◆ What needs to be done ◆
Leave out any picture and return the remaining listing below exactly as given.

◆ Source material ◆
········

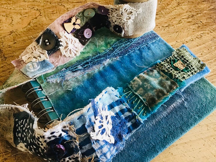 I make books for a living but in January I like to make some books for myself. This year will be slightly different as I have a handmade book portfolio project in my Patreon group and a brand new book project - Fragmented Stories - about to start in my paid Substack ‘Book Artist Studio’ so I will be leaning into those places for inspiration. Making books for yourself that you can spend the rest of the year filling is to be recommended. I do buy notebooks and sketchbooks but nothing quite touches my own books. My books have different purposes. Some are simple notebooks, some hold my stitching, some my art journal pages and some are just a place to explore new ideas. I have the luxury of time in January and February that I don’t have any other time of the year.
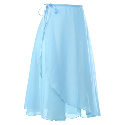 zffriction Women Ballet Skirt Long Sheer Dance Wrap Skirts Chiffon Skirts with Adjustable Waist Tie for Adult Girls (UK, Alpha, One Size, Regular, Regular, Blue)
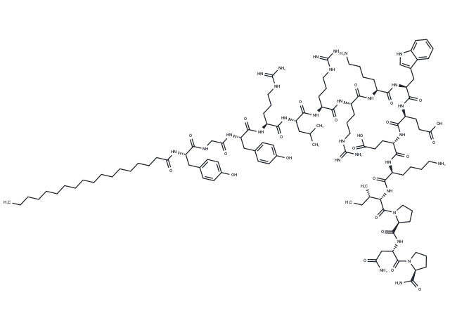 – C([C@H](NC([C@@H](NC([C@@H](NC([C@@H](NC([C@@H](NC([C@@H](NC([C@H](CC1=CC=C(O)C=C1)NC(CNC([C@H](CC2=CC=C(O)C=C2)NC(CCCCCCCCCCCCCCCCC)=O)=O)=O)=O)CCCNC(=N)N)=O)CC(C)C)=O)CCCNC(=N)N)=O)CCCNC(=N)N)=O)CCCCN)=O)C(N[C@H](C(N[C@H](C(N[C@H](C(N[C@H](C(=O)N3[C@H](C(N[C@H](C(=O)N4[C@H](C(N)=O)CCC4)CC(N)=O)=O)CCC3)[C@H](CC)C)=O)CCCCN)=O)CCC(O)=O)=O)CCC(O)=O)=O)C=5C=6C(NC5)=CC=CC6

········

◆ Finished exercise ◆
 I make books for a living but in January I like to make some books for myself. This year will be slightly different as I have a handmade book portfolio project in my Patreon group and a brand new book project - Fragmented Stories - about to start in my paid Substack ‘Book Artist Studio’ so I will be leaning into those places for inspiration. Making books for yourself that you can spend the rest of the year filling is to be recommended. I do buy notebooks and sketchbooks but nothing quite touches my own books. My books have different purposes. Some are simple notebooks, some hold my stitching, some my art journal pages and some are just a place to explore new ideas. I have the luxury of time in January and February that I don’t have any other time of the year.
 zffriction Women Ballet Skirt Long Sheer Dance Wrap Skirts Chiffon Skirts with Adjustable Waist Tie for Adult Girls (UK, Alpha, One Size, Regular, Regular, Blue)
 – C([C@H](NC([C@@H](NC([C@@H](NC([C@@H](NC([C@@H](NC([C@@H](NC([C@H](CC1=CC=C(O)C=C1)NC(CNC([C@H](CC2=CC=C(O)C=C2)NC(CCCCCCCCCCCCCCCCC)=O)=O)=O)=O)CCCNC(=N)N)=O)CC(C)C)=O)CCCNC(=N)N)=O)CCCNC(=N)N)=O)CCCCN)=O)C(N[C@H](C(N[C@H](C(N[C@H](C(N[C@H](C(=O)N3[C@H](C(N[C@H](C(=O)N4[C@H](C(N)=O)CCC4)CC(N)=O)=O)CCC3)[C@H](CC)C)=O)CCCCN)=O)CCC(O)=O)=O)CCC(O)=O)=O)C=5C=6C(NC5)=CC=CC6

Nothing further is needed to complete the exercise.